§ **About this task**
Once "Gambar 1. Lokasi" turns up in a line below, reproduce that line and those after it exactly, stopping after the line with "1: Participants fase"; leave pictures out.
[Opening Entries provided section]
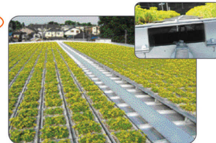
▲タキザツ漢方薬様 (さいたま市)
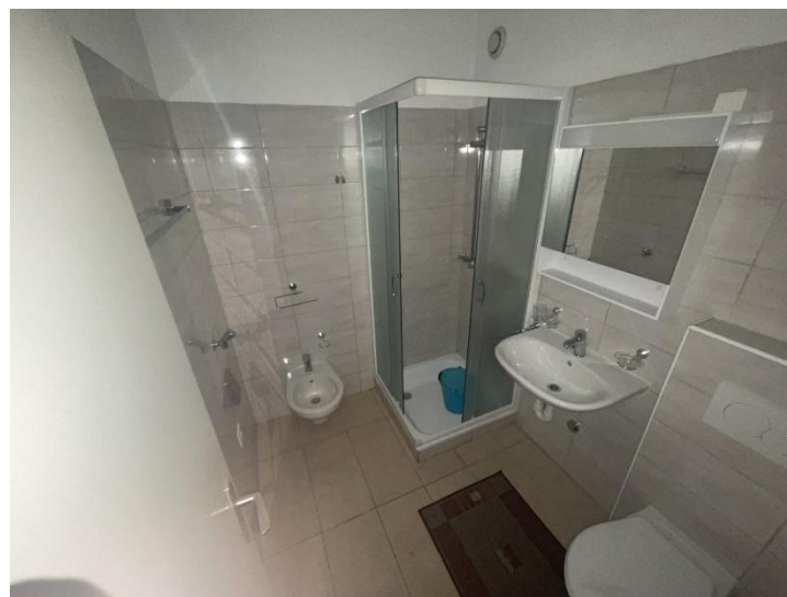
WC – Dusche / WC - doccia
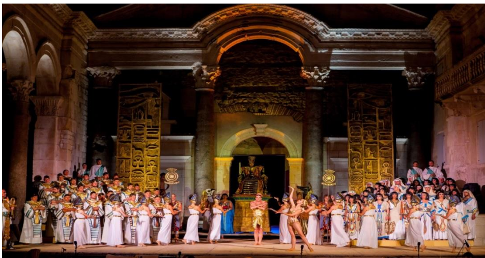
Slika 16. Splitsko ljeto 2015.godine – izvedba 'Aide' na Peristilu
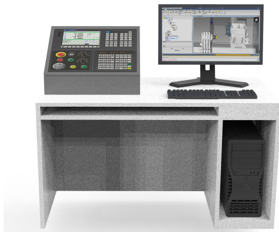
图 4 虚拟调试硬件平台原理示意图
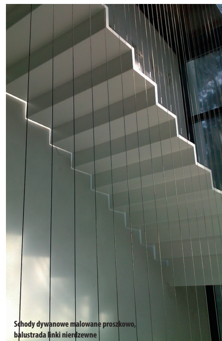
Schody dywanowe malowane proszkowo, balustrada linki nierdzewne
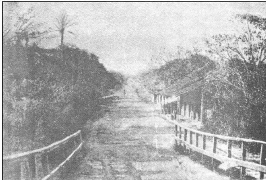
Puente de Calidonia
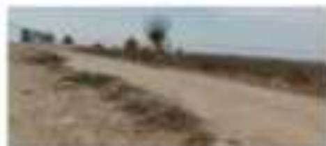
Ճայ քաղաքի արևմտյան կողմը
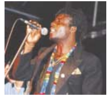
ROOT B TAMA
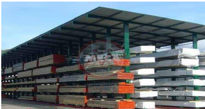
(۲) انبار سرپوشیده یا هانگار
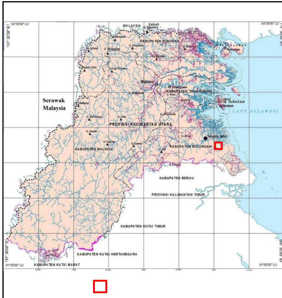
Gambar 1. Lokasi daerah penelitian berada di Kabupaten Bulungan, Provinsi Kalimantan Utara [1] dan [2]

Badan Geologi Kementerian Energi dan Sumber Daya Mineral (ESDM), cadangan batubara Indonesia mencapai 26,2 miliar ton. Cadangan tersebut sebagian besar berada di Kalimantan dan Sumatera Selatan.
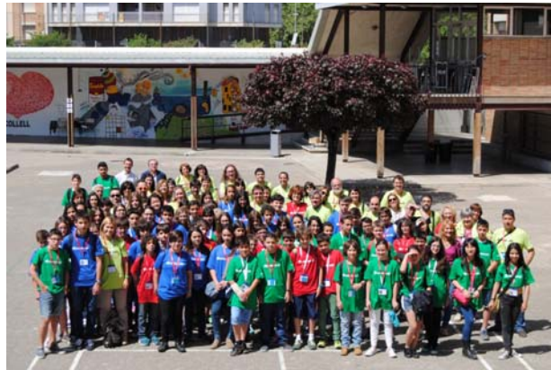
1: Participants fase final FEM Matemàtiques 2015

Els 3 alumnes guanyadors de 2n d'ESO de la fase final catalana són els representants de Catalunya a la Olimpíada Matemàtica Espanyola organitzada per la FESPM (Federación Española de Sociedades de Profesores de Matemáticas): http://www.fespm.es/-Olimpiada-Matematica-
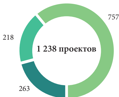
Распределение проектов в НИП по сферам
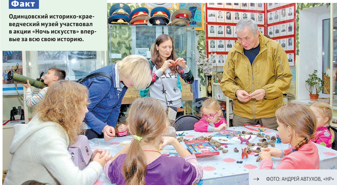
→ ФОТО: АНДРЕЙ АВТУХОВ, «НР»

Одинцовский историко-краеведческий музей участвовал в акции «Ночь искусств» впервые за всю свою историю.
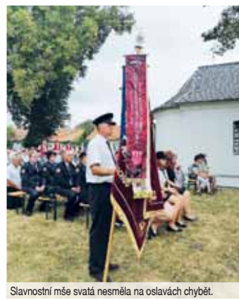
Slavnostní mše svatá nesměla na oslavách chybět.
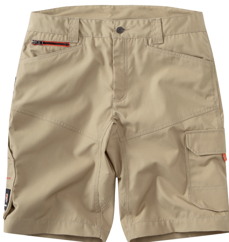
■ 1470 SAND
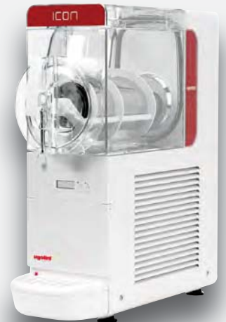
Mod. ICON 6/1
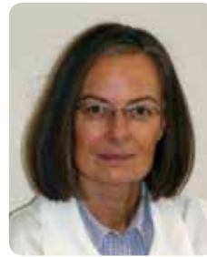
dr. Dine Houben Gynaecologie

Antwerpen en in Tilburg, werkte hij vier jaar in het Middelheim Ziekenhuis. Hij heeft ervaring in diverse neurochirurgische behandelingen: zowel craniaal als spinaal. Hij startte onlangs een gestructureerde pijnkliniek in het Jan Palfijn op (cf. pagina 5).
[Closing Entries provided section]
[Opening Entries provided section]
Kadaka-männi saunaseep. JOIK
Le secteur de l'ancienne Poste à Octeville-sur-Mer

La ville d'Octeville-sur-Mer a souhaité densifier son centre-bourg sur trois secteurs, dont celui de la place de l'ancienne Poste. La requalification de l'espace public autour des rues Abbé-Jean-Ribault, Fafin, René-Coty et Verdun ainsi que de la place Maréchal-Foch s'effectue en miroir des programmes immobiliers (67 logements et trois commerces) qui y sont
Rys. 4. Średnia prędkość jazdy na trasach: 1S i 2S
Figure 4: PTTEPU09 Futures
[Closing Entries provided section]
[Opening Entries provided section]
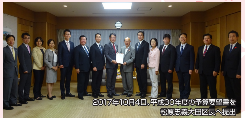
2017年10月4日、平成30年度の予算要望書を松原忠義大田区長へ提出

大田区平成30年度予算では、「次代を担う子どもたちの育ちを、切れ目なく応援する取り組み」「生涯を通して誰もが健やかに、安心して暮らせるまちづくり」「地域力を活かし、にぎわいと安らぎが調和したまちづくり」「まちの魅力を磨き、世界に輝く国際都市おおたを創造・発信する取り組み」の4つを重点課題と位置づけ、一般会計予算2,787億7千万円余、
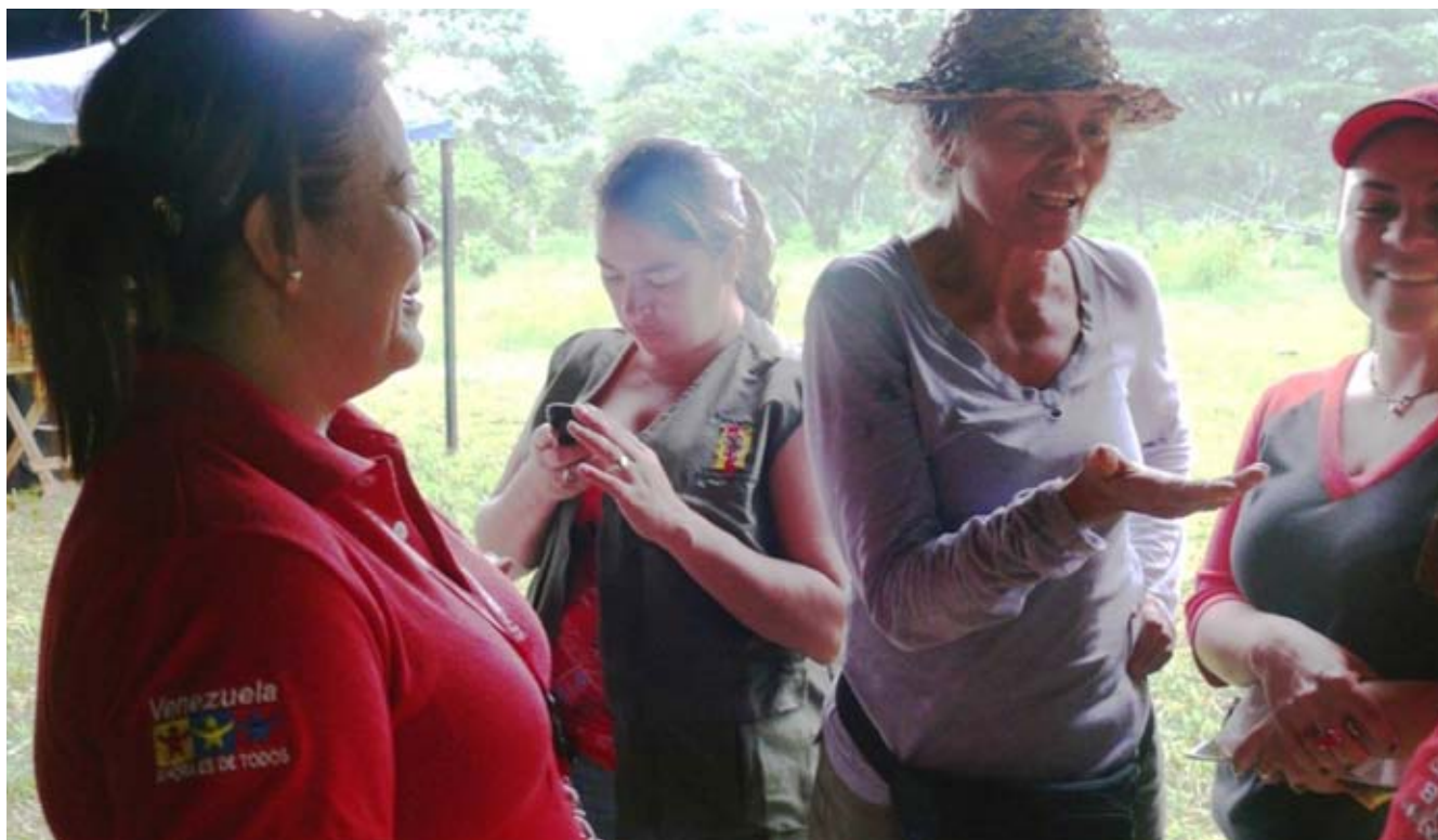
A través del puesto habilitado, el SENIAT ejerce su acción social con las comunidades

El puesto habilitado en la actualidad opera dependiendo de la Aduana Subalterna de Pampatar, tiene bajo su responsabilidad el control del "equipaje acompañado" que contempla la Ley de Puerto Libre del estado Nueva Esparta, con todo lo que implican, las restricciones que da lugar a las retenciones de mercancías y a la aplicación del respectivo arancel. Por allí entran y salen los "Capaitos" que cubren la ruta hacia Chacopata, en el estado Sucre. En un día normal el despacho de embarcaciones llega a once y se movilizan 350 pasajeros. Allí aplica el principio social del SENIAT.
[Closing Entries provided section]
§ **Written response**
Gambar 1. Lokasi daerah penelitian berada di Kabupaten Bulungan, Provinsi Kalimantan Utara [1] dan [2]

Badan Geologi Kementerian Energi dan Sumber Daya Mineral (ESDM), cadangan batubara Indonesia mencapai 26,2 miliar ton. Cadangan tersebut sebagian besar berada di Kalimantan dan Sumatera Selatan.
1: Participants fase final FEM Matemàtiques 2015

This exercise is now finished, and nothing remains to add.